48-core chips could power mobile devices in five to 10 years, says Intel
Currently, smartphone and tablet computers run on processors that have up to four cores, or brains. As powerful as today's top-of-the-line mobile electronic devices are, what do you think you could do with one operating on a 48-core chip?
That is what Intel is working on at the moment – developing a chip more powerful than what we are even using on desktop computers – and hopes to put it in the hands of consumers in the next five to 10 years, according to Computerworld.
As Justin Rattner, Intel's chief technology officer, told the news source, having that many cores could spread out the tasks each one handles at any given time, drastically improving overall computing power.
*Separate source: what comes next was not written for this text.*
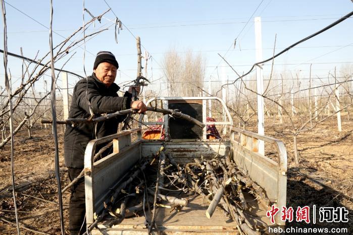 图为村民装运修剪下的梨树枝条。 董栋 摄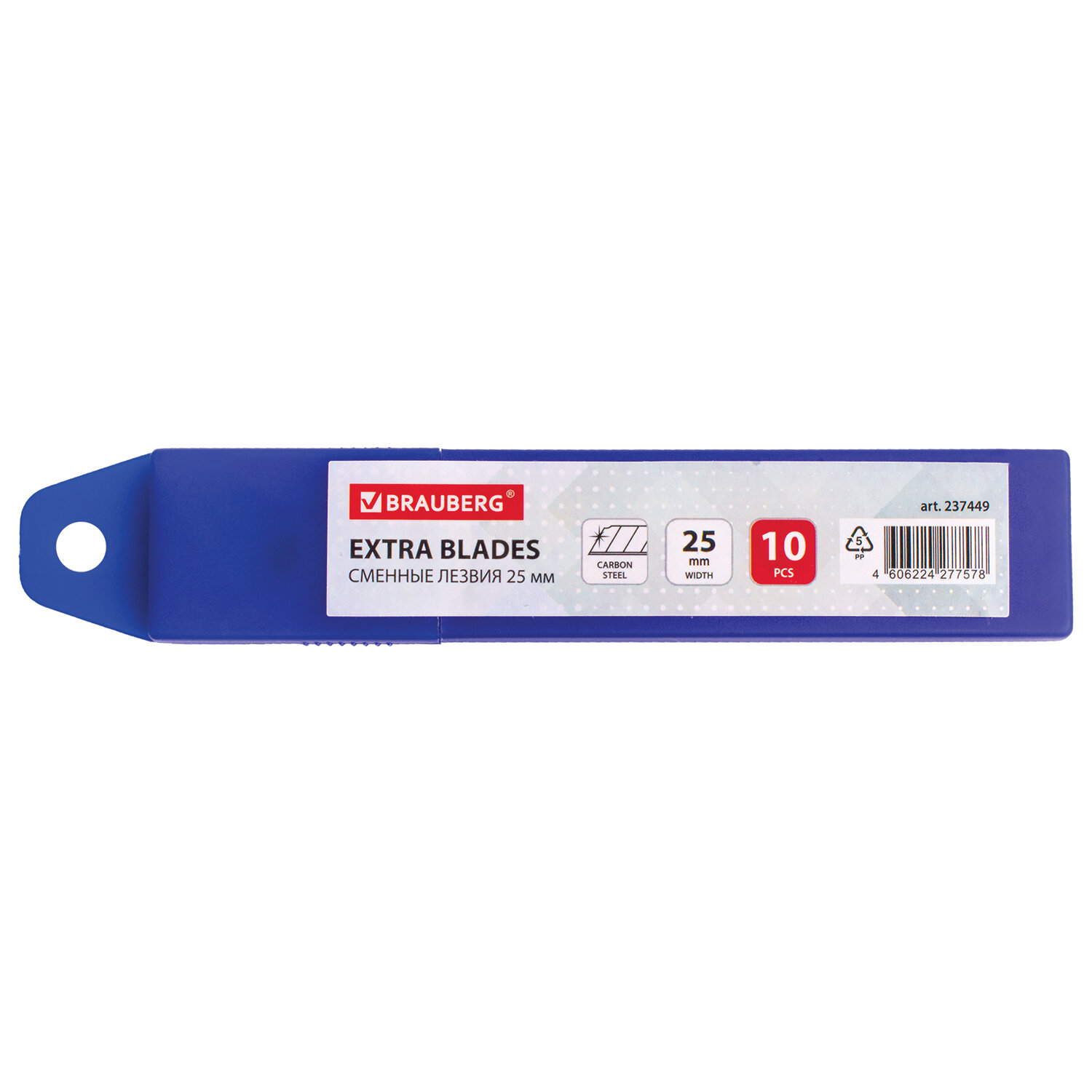 - Лезвия для ножей ширина 25 мм BRAUBERG, КОМПЛЕКТ 10 шт., в пластиковом пенале, 237449

Individual applications could run on their own dedicated cores, making multitasking significantly easier.
"I think the desire to move to more natural interfaces to make the interaction much more human-like is really going to drive the computational requirements," Rattner said. "Having large numbers of cores to generate very high performance levels is the most energy efficient way to deliver those performance levels."
As these and other technologies related to mobile electronics continue to forge onward, manufacturing processes must provide the foundation for their success. Innovative methods of joining dissimilar metals and the thermal management of electronics is essential for equipment power to increase while overall size scales downward.
Considering the leaps made in the last decade, it's not unreasonable to think Intel will be able to make a 48-core processor in the next 10 years. If successful, the world of computing could soon resemble that of what we see in science fiction films.